To save the Spark model:


from wmlz.ml_model_util import MLModelUtil

model_util = MLModelUtil()
model_util.save(model,
    "./tentModelPY.tar.gz",
    training_data = trainingDF)
print(“Model saved to local file system successfully”)

To save the Scikit-learn model:


from wmlz.ml_model_util import MLModelUtil

model_util = MLModelUtil()
model_util.save(tentModelDT,
    "./tentModelDT.tar.gz",
    training_data=X_train,
    training_target=y_train)
print(“Model saved to local file system successfully”)

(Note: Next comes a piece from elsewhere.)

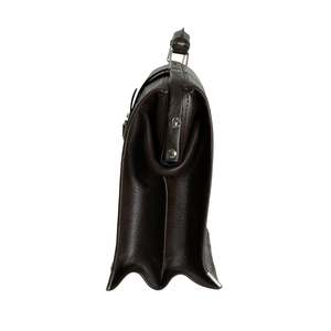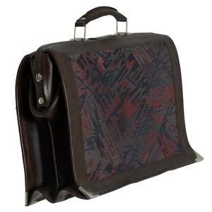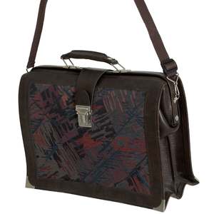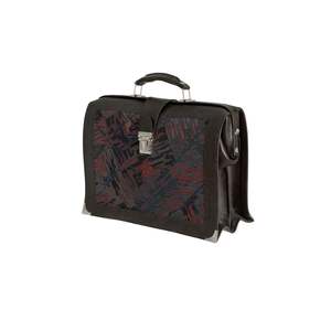 A 1980s briefcase built for professionals: gusseted, jacquard-accented, and industrially constructed with brutalist geometry and utilitarian flair. The design reflects a late-modernist approach to professional accessories, emphasizing functionality and durability. Key features include a push-lock clasp, dual-gusset expansion, and a detachable shoulder strap. The bag is constructed from synthetic leather panels with jacquard textile insets, providing both structural integrity and subtle aesthetic detail. Dimensions: Length 40 cm, Height 28 cm, Width 16 cm.

To save the XGBoost model and the native XGBoost model schema:


from wmlz.ml_model_util import MLModelUtil

model_util = MLModelUtil()
model_util.save(model,
    "./XGBModel.tar.gz",
    dmatrix=dtrain)
print(“Model saved to local file system successfully”)

Import the model from your local file system into WML for z/OS.
1. Sign into the WML for z/OS web user interface with your user name and password.
2. From the side bar, go to the Model Management page, select the Models tab, and click Import model.
3. Specify a name for the new model and select MLz Model for model format.
4. Browse, select, and upload the Spark (tentModelPY.tar.gz), Scikit-learn (tentModelDT.tar.gz), or XGBoost (XGBModel.tar.gz) model file.
5. Click Import model to import the Spark, Scikit-learn, or XGBoost model.
Verify that the imported Spark, Scikit-learn, or XGBoost model shows up on the Models tab of the Model Management page.